Pattern 1: ROLE-TASK-FORMAT

[ROLE] You are a {role}.
[TASK] You {task description}.
[FORMAT] Respond in {format}.

Pattern 2: Behavior-based (DO/DON'T)

## DO
- Include code examples
- Explain impact of configuration changes
- Suggest at least 2 alternatives

## DON'T
- Output passwords or API keys
- State uncertain information definitively
- Directly modify production environments

4. Structured Output

Forcing JSON Output

Analyze the following server logs and return results in JSON format.

Logs:
2025-03-15 14:32:01 ERROR [PaymentService] Connection timeout to payment gateway (retry 3/3)
2025-03-15 14:32:05 WARN  [OrderService] Order #12345 payment pending, fallback to queue
2025-03-15 14:33:00 INFO  [OrderService] Order #12345 payment retried successfully

Output format:
{
  "incident_summary": "summary",
  "severity": "critical|warning|info",
  "affected_services": ["service names"],
  "root_cause": "root cause",
  "resolution": "resolution",
  "timeline": [
    {"time": "time", "event": "event", "level": "level"}
  ]
}

Output ONLY the JSON with no other text.

XML Tag-Based Structuring

Particularly effective with Claude, using XML tags to clearly delineate input/output areas.

Analyze the following code.

<code>
def process_data(df):
    result = df.groupBy("user_id").agg(
        count("*").alias("total_orders"),
        sum("amount").alias("total_amount")
    )
    return result.filter(col("total_amount") > 1000)
</code>

Write analysis results matching these tags:

<analysis>
  <purpose>Code purpose</purpose>
  <issues>Issues found (if any)</issues>
  <optimization>Optimization suggestions</optimization>
  <improved_code>Improved code</improved_code>
</analysis>

5. Advanced Prompt Patterns

Role-Playing Pattern

Conduct this code review from three perspectives:

<reviewer role="Security Expert">
Review the code from a security vulnerability perspective.
</reviewer>

<reviewer role="Performance Engineer">
Review the code from a performance bottleneck perspective.
</reviewer>

<reviewer role="Junior Developer">
Review from a code readability and comprehension perspective.
</reviewer>

Devil's Advocate Pattern

Present counterarguments to the following architecture decision.

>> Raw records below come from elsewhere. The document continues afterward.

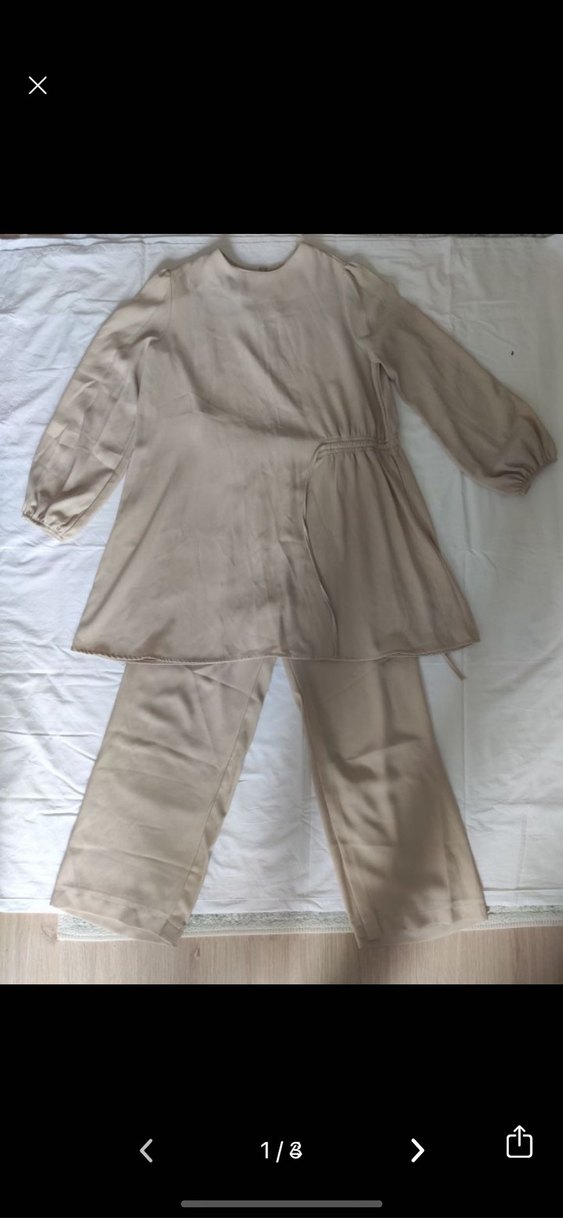 Bej , uzun kollu ve kesik yaka detaylı, günlük kullanıma uygun salaş kesim kadın takım elbise.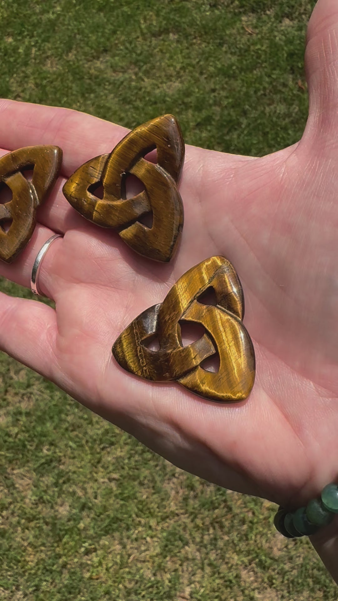 Triquetra pocket stones made of natural Tiger’s Eye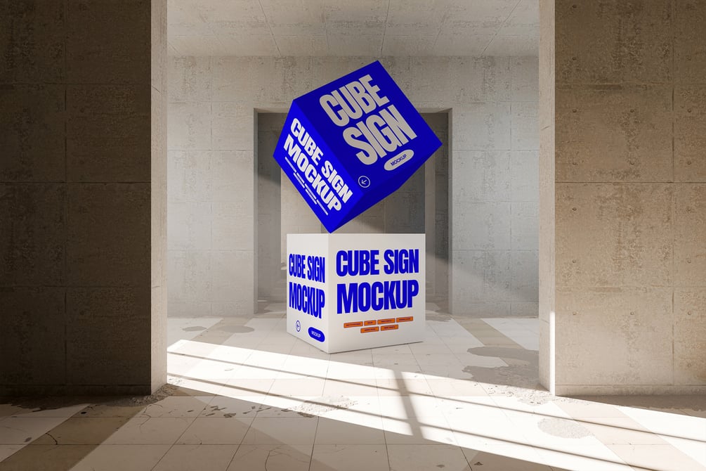 Title: Cube Sign Mockup with Bold Typography
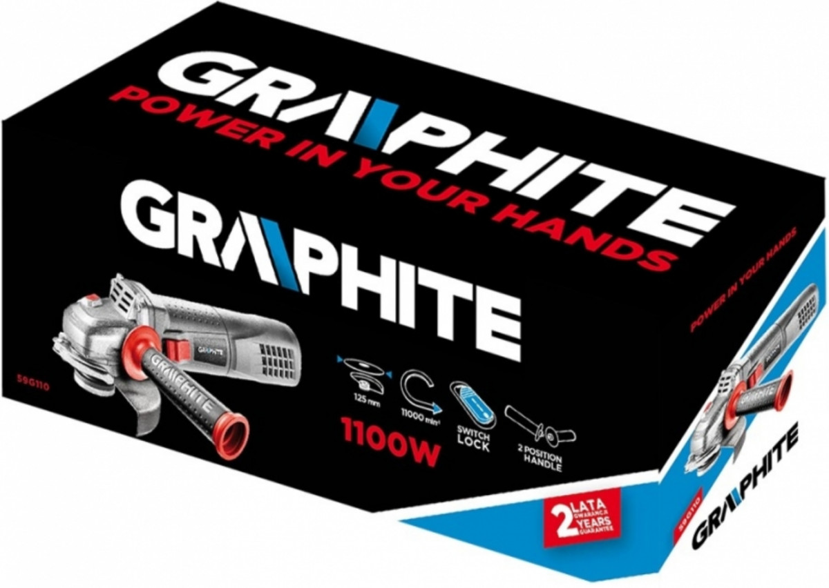 Угловая шлифовальная машина GRAPHITE 59G110 предназначен для резки, зачистки и шлифовки. Предусмотрена система смены положения защитного кожуха без использования инструментов, что повышает удобство и скорость работы. Для продолжительных работ данная модель оснащена двухступенчатой кнопкой с защитой от непреднамеренного пуска. Для удобства работы с труднодоступными поверхностями инструмент комплектуется двухпозиционной дополнительной рукояткой.

Decision: "Migrate to microservices architecture"

You are a senior architect who opposes this decision.
1. Three potential risks
2. Specific scenarios where monolith is better
3. Most likely failure cause during migration
4. Alternative approaches

Graduated Complexity Pattern

Explain Kafka Consumer Groups at three levels:

[Beginner] Explain using analogies in 5 lines or less
[Intermediate] Explain core concepts and mechanics with code examples
[Advanced] Detail rebalancing protocols, partition assignment strategies, and error handling

Meta Prompting

Having the LLM generate prompts themselves.

I want to perform a systematic Spark performance tuning analysis.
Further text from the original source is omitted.